-- Given records follows --
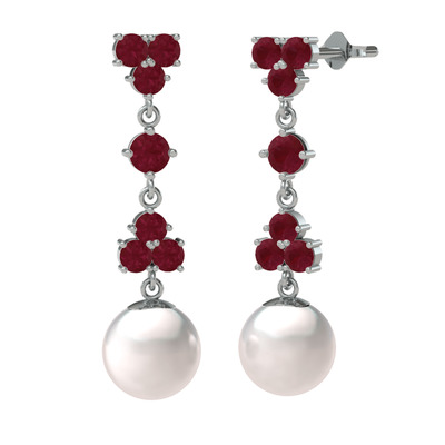 Kök yakut ve inci 14 ayar beyaz altın küpe
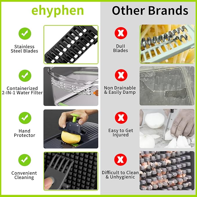 - MULTI-FUNCTIONAL VEGETABLE CHOPPER KIT - Equippedwith 7 interchangeable stainless-steel blades, enabling you to slice cucumbers, dice onions, and julienne zucchini easily. It also includes a 1.5L drainable container, an egg separator, a safety guard, a sharp peeler for root vegetables, and a handy silicone mini spatula for scraping every last bit of ingredients from bowls, making it perfect for daily cooking and holiday feasts.
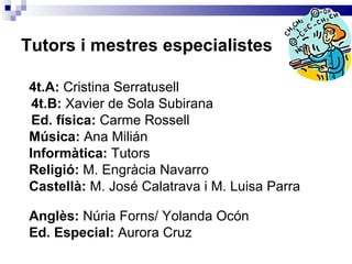 Tutors i mestresespecialistes 4t.A: Cristina Serratusell 4t.B: Xavier de Sola Subirana Ed. física: Carme Rossell Música: Ana Milián Informàtica: Tutors Religió: M. Engràcia Navarro Castellà: M. José Calatrava i M. Luisa Parra Anglès: Núria Forns/ Yolanda Ocón Ed. Especial: Aurora Cruz
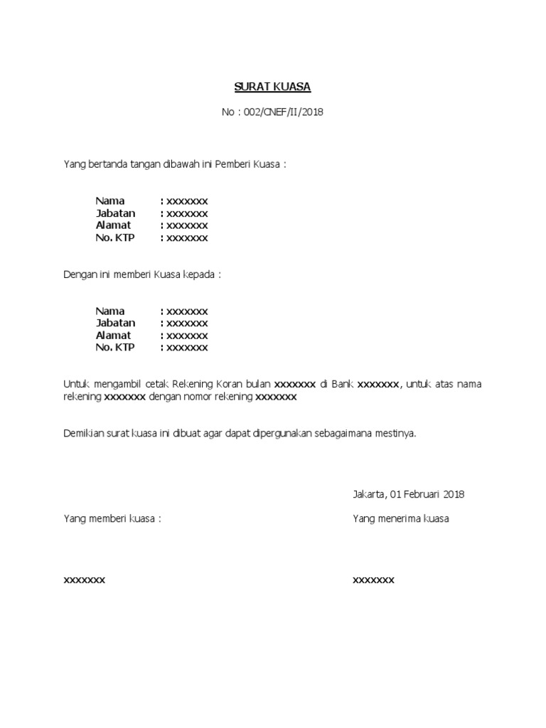 15 contoh surat kuasa terlengkap untuk berbagai keperluan surat kuasa adalah surat yang berisikan penyerahan kuasa ataupun wewenang kepada seseorang yang dapat dipercaya untuk melakukan sesuatu hal. Penerima kuasa dimana perlu untuk itu berhak dan berwenang mewakili pemberi kuasa untuk melakukan segala tindakan yang diperlukan termasuk namun tidak terbatas pada. Contoh surat kuasa pengambilan uang di bank mari kita lanjutkan pembahasan kita seputar dunia surat menyurat. Contoh diatas merupakan contoh membuat surat kuasa untuk pengambilan gaji. Contoh surat kuasa yang akan kita bahas pada artikel kali ini bukan saja hanya sebatas contoh surat kuasa melainkan begaimana cara membuat format surat kuasa yang benar untuk referensi bagi anda yang sedang membuat surat kuasa. Surat kuasa non formal merupakan surat kuasa yang tidak perlu mengunakan materai cukup identitas dan nama jelas pemberi kuasa dan penerima kuasa.
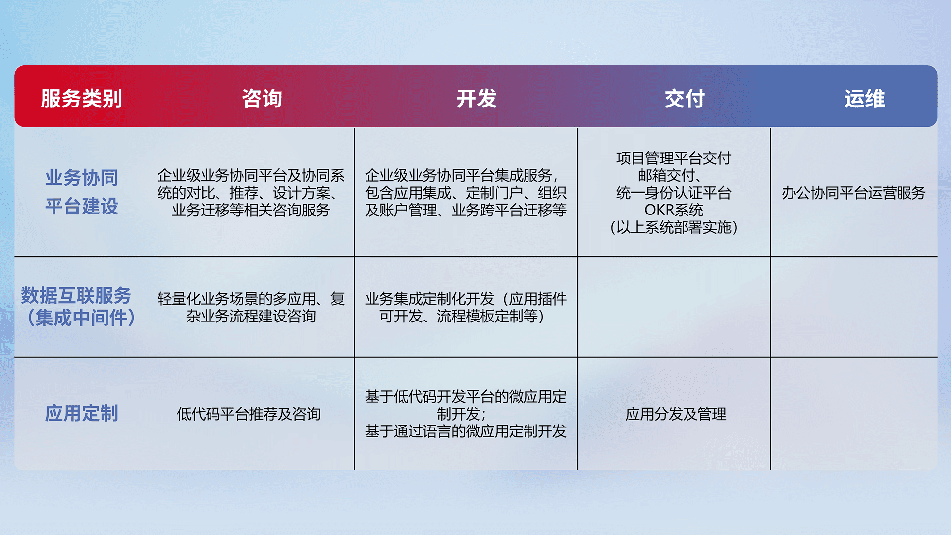 针对钉钉、、、企微、、、、IDaas等平台级产品提供产品的规划、、方案、、、、交付、、、、定制化开发等服务,,实现如统一协同办公、、、智能客户服务、、、、混合会议管理、、智能数据查询、、等业务场景,,实现数字化转型。。。。
-- Given records concluded --
Task statement
Pictures are not part of the copy. Return every record exactly.

Expected answer
 Kök yakut ve inci 14 ayar beyaz altın küpe
 - MULTI-FUNCTIONAL VEGETABLE CHOPPER KIT - Equippedwith 7 interchangeable stainless-steel blades, enabling you to slice cucumbers, dice onions, and julienne zucchini easily. It also includes a 1.5L drainable container, an egg separator, a safety guard, a sharp peeler for root vegetables, and a handy silicone mini spatula for scraping every last bit of ingredients from bowls, making it perfect for daily cooking and holiday feasts.
 Tutors i mestresespecialistes 4t.A: Cristina Serratusell 4t.B: Xavier de Sola Subirana Ed. física: Carme Rossell Música: Ana Milián Informàtica: Tutors Religió: M. Engràcia Navarro Castellà: M. José Calatrava i M. Luisa Parra Anglès: Núria Forns/ Yolanda Ocón Ed. Especial: Aurora Cruz
 15 contoh surat kuasa terlengkap untuk berbagai keperluan surat kuasa adalah surat yang berisikan penyerahan kuasa ataupun wewenang kepada seseorang yang dapat dipercaya untuk melakukan sesuatu hal. Penerima kuasa dimana perlu untuk itu berhak dan berwenang mewakili pemberi kuasa untuk melakukan segala tindakan yang diperlukan termasuk namun tidak terbatas pada. Contoh surat kuasa pengambilan uang di bank mari kita lanjutkan pembahasan kita seputar dunia surat menyurat. Contoh diatas merupakan contoh membuat surat kuasa untuk pengambilan gaji. Contoh surat kuasa yang akan kita bahas pada artikel kali ini bukan saja hanya sebatas contoh surat kuasa melainkan begaimana cara membuat format surat kuasa yang benar untuk referensi bagi anda yang sedang membuat surat kuasa. Surat kuasa non formal merupakan surat kuasa yang tidak perlu mengunakan materai cukup identitas dan nama jelas pemberi kuasa dan penerima kuasa.
 针对钉钉、、、企微、、、、IDaas等平台级产品提供产品的规划、、方案、、、、交付、、、、定制化开发等服务,,实现如统一协同办公、、、智能客户服务、、、、混合会议管理、、智能数据查询、、等业务场景,,实现数字化转型。。。。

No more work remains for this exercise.